Association Rule
Method in data mining for discovering interesting relationships, patterns, or correlations among a large set of data items.
Association rule learning is a critical technique in data mining aimed at identifying frequent patterns, correlations, or causal structures among sets of items in large datasets. This technique is especially valuable in market basket analysis, where it helps in understanding the co-occurrence of items purchased together. An association rule is often expressed in the form "If A, then B," where A and B are itemsets, and the rule's strength is measured by support and confidence metrics. Support indicates the frequency of the itemsets appearing together, while confidence measures the likelihood of B occurring when A occurs. More advanced metrics like lift and conviction are also used to refine the assessment of rule strength. This method has extensive applications in various domains, including retail, bioinformatics, and web usage mining.

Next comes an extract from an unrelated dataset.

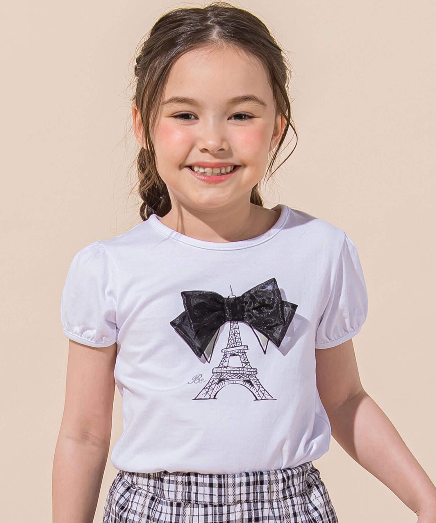 【SALE/60%OFF】BeBe エッフェル塔プリントリボン天竺パフスリーブTシャツ(90~150・・・

The concept of association rules was first introduced in 1993 by Rakesh Agrawal, Tomasz Imieliński, and Arun Swami in their seminal paper on mining association rules between sets of items in large databases. The term gained significant popularity with the introduction of the Apriori algorithm by Agrawal and Srikant in 1994, which made the practical computation of these rules feasible by efficiently identifying frequent itemsets.
Rakesh Agrawal, Tomasz Imieliński, and Arun Swami are pivotal figures in the development of association rule learning, particularly through their early research and publications. Rakesh Agrawal, along with Ramakrishnan Srikant, further advanced the field with the development of the Apriori algorithm, a cornerstone in the practical application of association rule mining. Their contributions laid the groundwork for numerous advancements and applications in data mining and knowledge discovery.